Her innocence drove him crazy with desire. He grasped her hand, pulling her fingers from the gentle caress. Her concern for him weakened his resolve. He turned her palm up and kissed the center.

“This is going to be hard for you to understand, but I’m—” He mentally fished around for the right words to tell her about the healing powers of his body—how a bullet couldn’t kill him.

“I thought I was going to lose you.” She leaned down and hugged him. “I don’t know what I would have done if you were killed.”

About to confess his secret, Jasper went pensive. Abigail’s statement highlighted the hole in his plans. His immortality came with some bad aspects. Someday she would die while he lived forever. Compared to the four hundred years he had survived, the longevity of their relationship would be nothing. The prospect of watching her die pulled him from everything wonderful he had been letting himself think of doing with her.

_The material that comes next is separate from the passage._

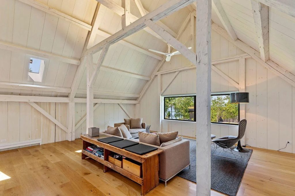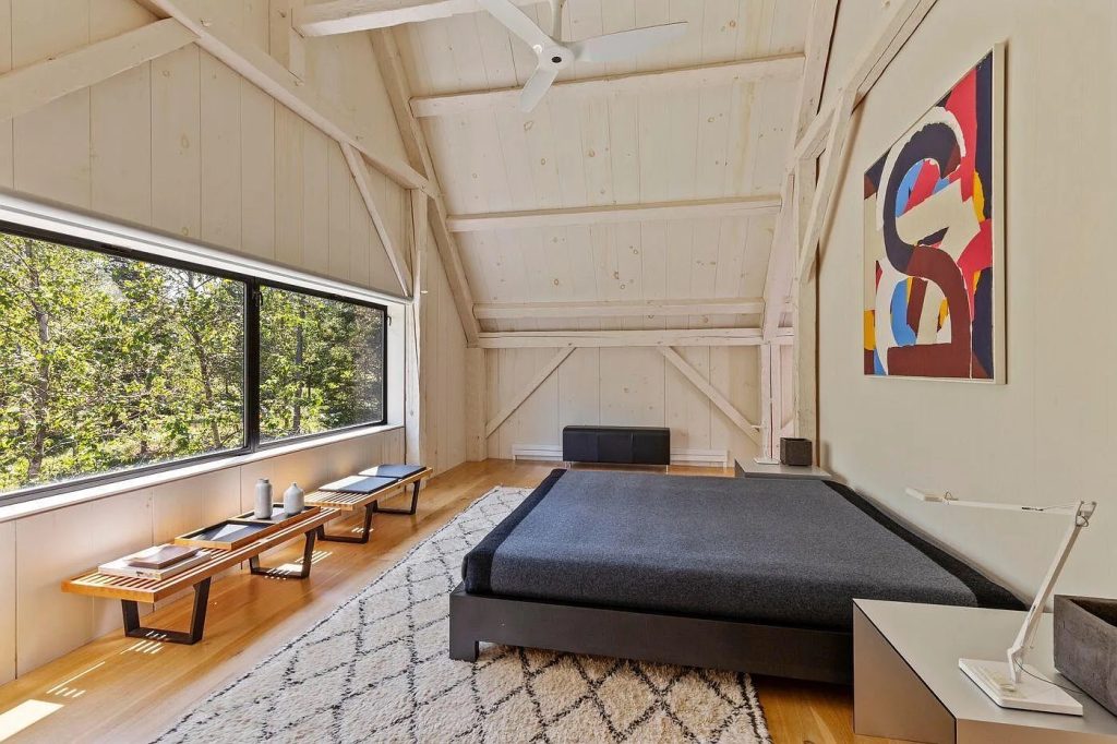 The house was designed by renowned architect Toshiko Mori with one expansive bedroom and an open layout of living and dining areas in a neutral palette of natural materials. Privacy is guarded with the addition of a guest barn, also designed by Mori, containing the garage below. A clean-lined lap pool extends from the main house.

Then her other hand made the same sweeping inspection of his torso. He cupped her face and felt himself losing his mind to a forbidden love. Everything he had ever dreamed of having lay under her brass corset. From infant, to child, to woman, Abigail had grown into a valuable treasure the pirate in him coveted and the man appreciated. He wanted her, body and soul—to love and to cherish. How did he deny the fulfillment to his deepest wishes for the sake of her happiness and his sanity?

“Abigail, I—” He tried to reject her affection. But her inspection turned into an arousing taunt to his stamina. Her featherlight exam of his abdomen moved low along the waistband of his breeches. His hand floated up as if it had a mind of its own. He ran his fingers over the brass corset, following the curve around her breast, remembering when he spent a month hammering the metal into the perfect shape of a woman. No model other than the vision of her in his head was his guide. How did he know it would fit her shape like another layer of skin?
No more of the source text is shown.